In a recent review of the idiopathic hypereosinophilic syndrome (HES) and chronic eosinophilic leukemia (CEL), Gotlib et al1 comment that the World Health Organization (WHO) classification for these disorders has been called into question by the identification of the FIP1L1-PDGFRA fusion gene. This is by no means true. The WHO classification specifies that if patients who would otherwise be classified as having idiopathic HES have myeloid cells that “demonstrate a clonal chromosomal abnormality or are shown to be clonal by other means,” the diagnosis is chronic eosinophilic leukemia.2 Clearly, the WHO criteria for CEL are satisfied by the demonstration of the FIP1L1-PDGFRA fusion gene in myeloid cells (including eosinophils).
Idiopathic HES is a diagnosis of exclusion, whereas CEL requires positive identification of features indicative of leukemia, such as increased blast cells or evidence of clonality. The 2 groups of disorders are mutually exclusive. It is possible that some patients who can currently only be classified as having idiopathic HES do actually have CEL, but if no evidence to support this suspicion can be found, a diagnosis of idiopathic HES is appropriate. Conversely, when eosinophilia is a feature of a myeloid leukemia, it is not idiopathic and the diagnosis is not idiopathic HES.

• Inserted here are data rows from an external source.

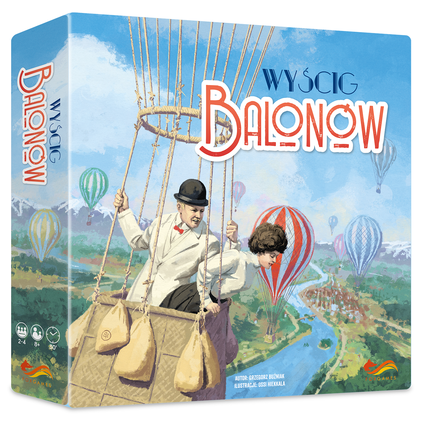 GRA PLANSZOWA. Najsłynniejszy wyścig balonów właśnie się rozpoczyna, a wypełnione gorącym powietrzem czasze wyniosą śmiałków wysoko ponad tereny Starego Kontynentu. Uważaj na porywiste wiatry, niebezpieczne burze i inne obiekty latające! Czy zdecydujesz się na szybki lot do celu? A może skusisz się na odwiedziny legendarnych miast Europy i zdobędziesz dodatkowe punkty za doręczenie poczty dyplomatycznej? Zwycięży gracz, któremu nie zabraknie odwagi.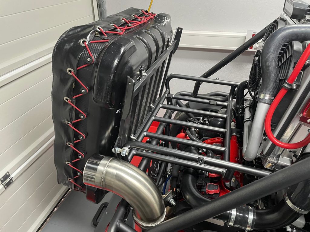 Der dritte Bestandteil ist das Halteblech. Dieses habe ich bewusst sehr stabil ausgeführt, um die auftretenden Kräfte gleichmäßig auf den Träger zu verteilen. Beim Umbau auf den neuen Träger war es entscheidend, das Halteblech zusammen mit der ersten Schale exakt zu positionieren. Die Box sollte optisch perfekt mittig sitzen und gleichzeitig genügend Raum für die Abluft des Kühlers lassen.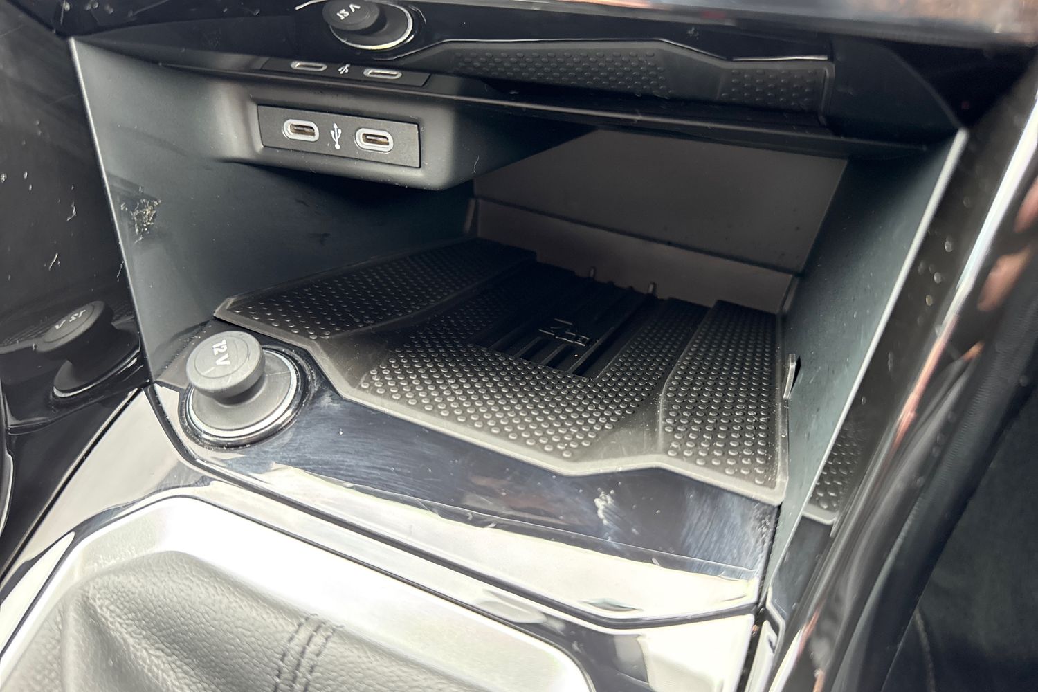 "12V outlet in front and tray",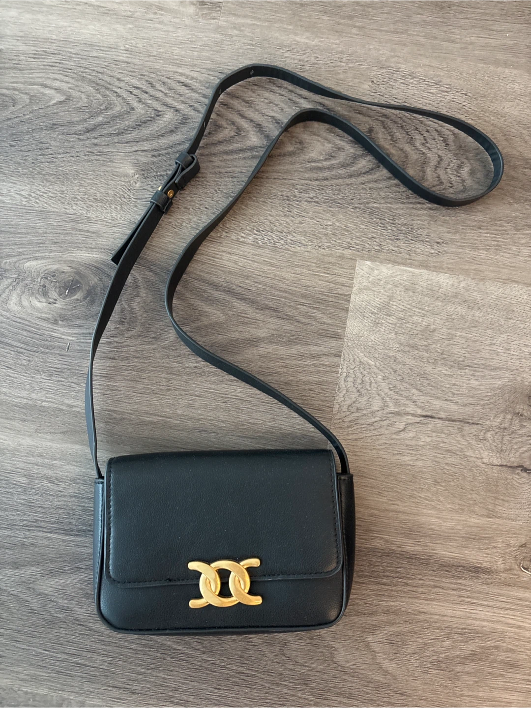 Selling a stylish “Celine Triomphe” inspired crossbody bag in black leather. It's in great condition and perfect for everyday use!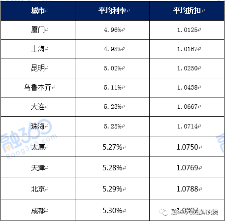 2017年12月全国首套房平均利率较低的城市前十分别为厦门4.96%、上海4.98%、昆明5.02%、乌鲁木齐5.11%、大连5.23%、珠海5.25%、太原5.27%、天津5.28%、北京5.29%、成都5.30%。
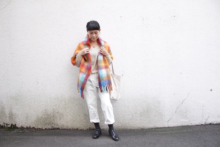 トラッドな印象のスタイリングには、こんなストールが

The discovery of the FIP1L1-PDGFRA fusion gene in a significant proportion of patients who would have previously been regarded as having idiopathic HES was very important in advancing our understanding of this group of disorders. Because of the marked sensitivity of this condition to imatinib therapy, identifying these patients is also now of considerable clinical importance. However, since some patients who lack the fusion gene also respond to imatinib, a trial of this drug is also justified in patients with idiopathic HES.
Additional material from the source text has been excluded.